An important question in matroid structure theory is given a matroid $M$, how many inequivalent representations does it have over a fixed finite field $\mathbb{F}$? Two $\mathbb{F}$-matrices $A$ and $B$ are equivalent if they are related by a projective transformation, in which case they clearly represent the same matroid.

In 1988, Kahn proved that $3$-connected $GF(4)$-representable matroids have a unique representation over $GF(4)$. In the same paper, he conjectured that for every prime power $q$, there is an $n(q)$, such that every $3$-connected $GF(q)$-representable matroid has at most $n(q)$ inequivalent representations. Oxley, Vertigan and Whittle proved Kahn's conjecture for $GF(5)$, but also showed that it fails for all larger finite fields. This naturally led to the question of what happens for $4$-connectivity, and the following weakening of Kahn's Conjecture.

Conjecture 1. For every prime power $q$, there is an $n(q)$ such that every $4$-connected $GF(q)$-representable matroid has at most $n(q)$ inequivalent representations over $GF(q)$.

One would expect that Conjecture $1$ holds for all finite fields, or fails for sufficiently large finite fields.
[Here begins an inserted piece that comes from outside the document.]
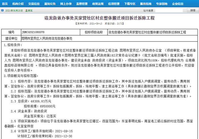 此外,呈贡雨花社区将进行整体搬迁,项目共涉及460户,人口约1400人,拆迁总面积约84000㎡,搬迁安置总金额概算为4.1亿元,计划开工时间为今年10月10日,工期为200个日历天。
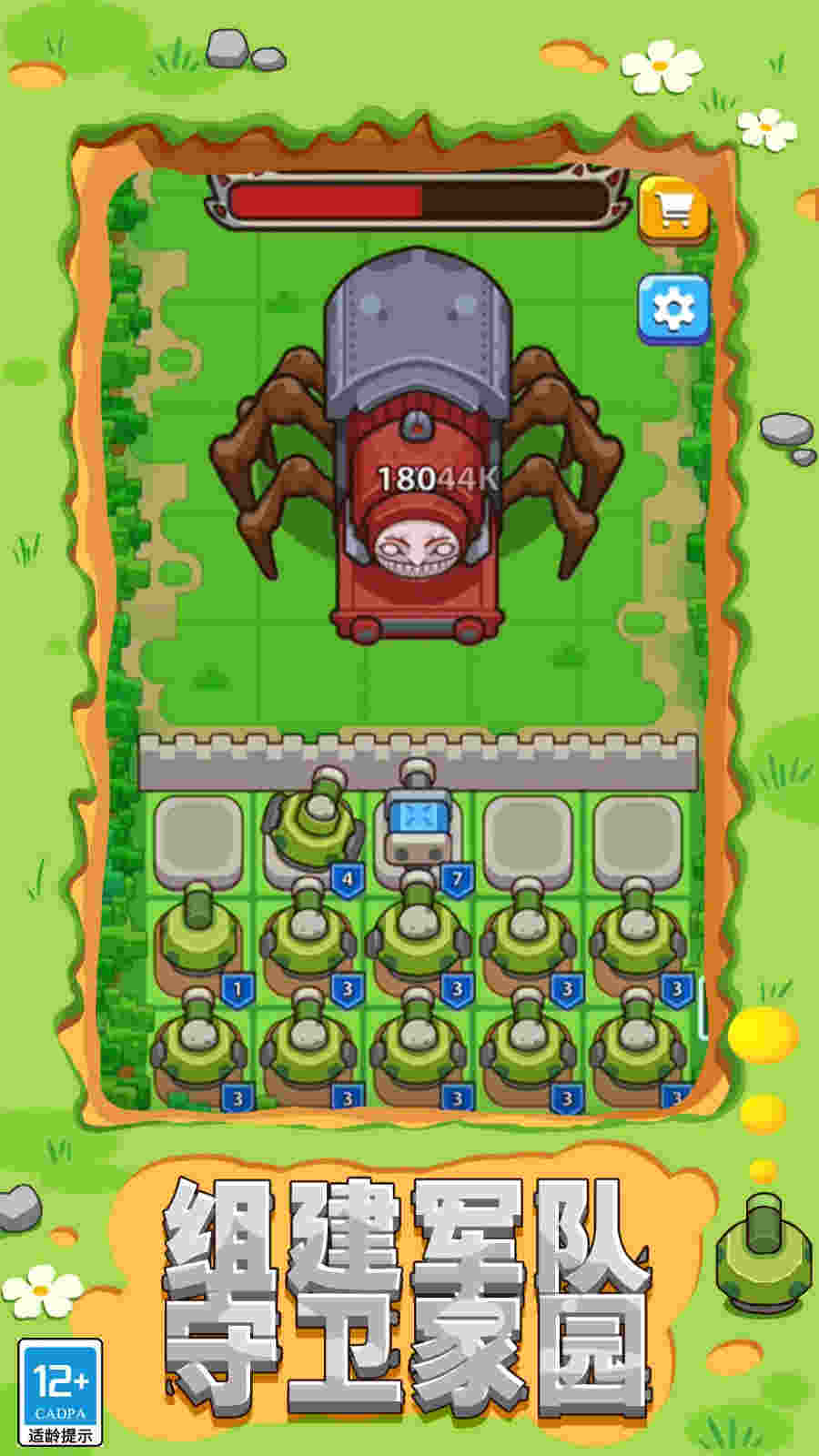 3、玩家体验无尽的精彩战斗,场景有很多格子,玩家解锁炮塔并将它们放置在网格中以构建强大的塔防。

However, remarkably there is a dichotomy depending on whether $q$ is prime!

Theorem 2. (Geelen and Whittle) For every prime $p$, there is an $n(p)$ such that every $4$-connected $GF(p)$-representable matroid has at most $n(p)$ inequivalent representations over $GF(p)$.

The proof of Theorem $2$ is not easy; the paper is $175$ pages.

Theorem 3. (Geelen, Gerards and Whittle) For every non-prime power $q \geq 9$, there is a $4$-connected $GF(q)$-representable matroid with arbitrarily many inequivalent representations over $GF(q)$.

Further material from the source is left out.